Nina Paley’s Path to "Sita Sings the Blues"
It’s not every filmmaker who can combine an ugly divorce, an ancient Indian epic, and the work of a 1920’s blues singer to produce their first feature film, but Nina Paley isn’t just any filmmaker. Paley’s professional career began as an underground cartoonist, with Nina’s Adventures, her semi-autobiographical first comic strip, spreading to a number of California-based alternative newspapers while she was in her 20’s. In 1997, she launched Fluff with Universal Press Syndicate, eventually landing in 40 mainstream newspapers worldwide. The monotony of doing a daily comic strip caused Paley to burn out after two years (even though she would go on to create The Hots for King Features Syndicate in 2002).

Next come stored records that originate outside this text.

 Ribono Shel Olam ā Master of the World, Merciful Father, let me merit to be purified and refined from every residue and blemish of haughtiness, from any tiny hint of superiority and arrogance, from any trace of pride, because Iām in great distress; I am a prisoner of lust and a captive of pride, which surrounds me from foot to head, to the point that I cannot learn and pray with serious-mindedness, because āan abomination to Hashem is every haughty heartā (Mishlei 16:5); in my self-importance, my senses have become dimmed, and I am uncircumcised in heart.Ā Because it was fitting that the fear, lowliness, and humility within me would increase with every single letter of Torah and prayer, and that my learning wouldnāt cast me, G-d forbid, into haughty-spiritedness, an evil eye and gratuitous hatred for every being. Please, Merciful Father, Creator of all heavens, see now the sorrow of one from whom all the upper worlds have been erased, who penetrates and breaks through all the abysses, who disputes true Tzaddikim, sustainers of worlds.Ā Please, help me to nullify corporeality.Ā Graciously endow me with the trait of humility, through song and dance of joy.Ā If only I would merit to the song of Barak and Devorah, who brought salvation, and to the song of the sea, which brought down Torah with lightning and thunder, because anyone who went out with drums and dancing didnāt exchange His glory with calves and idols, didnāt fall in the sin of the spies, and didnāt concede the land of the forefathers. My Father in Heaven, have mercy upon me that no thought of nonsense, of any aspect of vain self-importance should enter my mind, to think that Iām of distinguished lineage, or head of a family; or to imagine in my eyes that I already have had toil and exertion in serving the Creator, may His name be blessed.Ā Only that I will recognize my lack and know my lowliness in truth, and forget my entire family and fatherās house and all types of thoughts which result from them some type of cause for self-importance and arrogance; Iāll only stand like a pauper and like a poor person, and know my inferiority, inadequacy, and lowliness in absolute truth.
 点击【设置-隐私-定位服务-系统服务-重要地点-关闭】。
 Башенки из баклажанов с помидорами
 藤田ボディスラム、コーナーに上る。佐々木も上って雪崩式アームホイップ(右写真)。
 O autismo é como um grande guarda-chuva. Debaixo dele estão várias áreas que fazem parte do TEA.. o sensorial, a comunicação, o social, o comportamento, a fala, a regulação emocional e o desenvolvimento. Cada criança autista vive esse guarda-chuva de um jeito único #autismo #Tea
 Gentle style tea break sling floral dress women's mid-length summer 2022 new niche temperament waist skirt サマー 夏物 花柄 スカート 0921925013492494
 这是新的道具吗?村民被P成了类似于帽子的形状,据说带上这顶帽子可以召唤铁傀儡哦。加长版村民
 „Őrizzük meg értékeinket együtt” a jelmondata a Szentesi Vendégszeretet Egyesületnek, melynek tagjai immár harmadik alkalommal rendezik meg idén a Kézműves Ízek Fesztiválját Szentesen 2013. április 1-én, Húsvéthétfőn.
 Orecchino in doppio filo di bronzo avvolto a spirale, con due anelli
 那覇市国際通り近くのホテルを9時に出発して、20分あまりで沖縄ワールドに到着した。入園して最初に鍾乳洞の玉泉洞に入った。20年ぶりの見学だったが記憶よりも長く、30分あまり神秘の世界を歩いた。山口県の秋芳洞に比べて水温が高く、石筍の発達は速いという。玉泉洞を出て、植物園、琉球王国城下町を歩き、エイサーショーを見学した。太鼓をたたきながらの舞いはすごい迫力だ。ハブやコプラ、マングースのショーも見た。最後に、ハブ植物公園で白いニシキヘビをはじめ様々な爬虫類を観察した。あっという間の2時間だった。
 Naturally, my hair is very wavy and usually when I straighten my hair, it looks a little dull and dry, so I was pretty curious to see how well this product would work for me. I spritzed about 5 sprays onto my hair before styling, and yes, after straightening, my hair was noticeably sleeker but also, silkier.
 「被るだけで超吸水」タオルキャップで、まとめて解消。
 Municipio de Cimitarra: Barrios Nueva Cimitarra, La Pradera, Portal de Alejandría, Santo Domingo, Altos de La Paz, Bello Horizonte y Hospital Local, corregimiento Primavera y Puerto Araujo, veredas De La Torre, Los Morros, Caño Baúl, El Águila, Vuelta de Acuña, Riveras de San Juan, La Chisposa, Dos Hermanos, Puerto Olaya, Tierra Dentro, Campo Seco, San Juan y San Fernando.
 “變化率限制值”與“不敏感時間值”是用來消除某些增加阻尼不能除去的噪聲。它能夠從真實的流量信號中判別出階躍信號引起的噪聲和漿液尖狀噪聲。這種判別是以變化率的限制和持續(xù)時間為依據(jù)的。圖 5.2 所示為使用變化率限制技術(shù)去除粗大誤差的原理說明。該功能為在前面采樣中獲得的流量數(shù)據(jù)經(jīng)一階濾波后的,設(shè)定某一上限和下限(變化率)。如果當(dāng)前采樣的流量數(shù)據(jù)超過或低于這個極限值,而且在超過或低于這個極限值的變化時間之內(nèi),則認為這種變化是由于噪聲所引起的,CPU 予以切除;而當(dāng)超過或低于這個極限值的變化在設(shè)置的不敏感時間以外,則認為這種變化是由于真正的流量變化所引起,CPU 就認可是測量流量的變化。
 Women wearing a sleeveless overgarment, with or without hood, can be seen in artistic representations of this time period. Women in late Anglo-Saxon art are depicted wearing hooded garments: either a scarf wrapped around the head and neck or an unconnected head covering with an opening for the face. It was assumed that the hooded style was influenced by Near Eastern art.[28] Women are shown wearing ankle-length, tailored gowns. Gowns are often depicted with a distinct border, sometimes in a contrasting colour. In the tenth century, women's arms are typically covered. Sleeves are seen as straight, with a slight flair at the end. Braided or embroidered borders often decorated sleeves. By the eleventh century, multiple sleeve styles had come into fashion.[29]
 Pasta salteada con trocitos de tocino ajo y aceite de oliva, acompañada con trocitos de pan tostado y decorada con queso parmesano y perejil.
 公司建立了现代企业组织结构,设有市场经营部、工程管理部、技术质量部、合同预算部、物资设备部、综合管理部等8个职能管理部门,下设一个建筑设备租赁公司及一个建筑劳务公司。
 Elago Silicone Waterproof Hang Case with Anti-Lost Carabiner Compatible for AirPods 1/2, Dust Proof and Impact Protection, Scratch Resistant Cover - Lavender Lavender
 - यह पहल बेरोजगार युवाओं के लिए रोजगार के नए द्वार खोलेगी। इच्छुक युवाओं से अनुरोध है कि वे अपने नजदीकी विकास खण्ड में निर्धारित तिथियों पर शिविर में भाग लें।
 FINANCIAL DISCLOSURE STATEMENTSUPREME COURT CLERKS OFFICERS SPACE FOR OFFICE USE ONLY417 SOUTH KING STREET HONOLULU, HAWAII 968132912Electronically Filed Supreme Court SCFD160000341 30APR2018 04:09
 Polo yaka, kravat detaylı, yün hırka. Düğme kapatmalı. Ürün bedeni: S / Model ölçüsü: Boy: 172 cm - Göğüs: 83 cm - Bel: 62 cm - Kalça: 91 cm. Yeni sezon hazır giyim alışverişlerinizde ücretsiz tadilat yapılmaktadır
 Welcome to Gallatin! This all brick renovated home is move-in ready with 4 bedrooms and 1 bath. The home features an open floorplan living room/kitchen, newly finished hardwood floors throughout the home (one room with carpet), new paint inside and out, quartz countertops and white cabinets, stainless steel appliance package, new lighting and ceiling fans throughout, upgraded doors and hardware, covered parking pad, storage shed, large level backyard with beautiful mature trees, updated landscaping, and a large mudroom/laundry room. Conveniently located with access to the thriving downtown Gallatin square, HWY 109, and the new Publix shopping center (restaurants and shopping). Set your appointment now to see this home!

Seeking something that would be “challenging…and pay even less money than comics,” Paley turned to animation in 1998, starting off with stop-motion clay puppets and a vintage super-8 camera to make the short film “Luv Is…” Further experiments with traditional animation and stop-motion quickly led to three more short films: “Cancer,” “Follow Your Bliss,” and “I Heart My Cat,” the last of which won the Olympia WA Film Festival’s Audience Choice first prize in 1999. Paley created the first cameraless IMAX film, Pandorama, in 1999, and followed it up in 2001 with “Fetch!,” an endearing short film about a man playing fetch with his dog in a world of optical illusions. The short continues to be a favorite at children’s film festivals, and also appeared on the Avoid Eye Contact Vol. 2 DVD.
The next three of her short films were a radical change of pace, and a great risk undertaken for something she was passionate about. The central topic of Paley’s “Fertility Cycle” shorts is overpopulation, with “The Stork” suggesting that the little bundle of joy the stork brings is really a bomb; “Fertco” taking aim at the fertility industry; and “The Wit and Wisdom of Cancer” placing several common counter-arguments to population control in the mouths of animated cancer cells. She fully expected them to be “extremely unpopular, and possibly end my animation career.” Much to her surprise, the films were extremely well-received, leading to first prize at the EarthVision Environmental Film Festival and an invitation to the Sundance Film Festival in 2003.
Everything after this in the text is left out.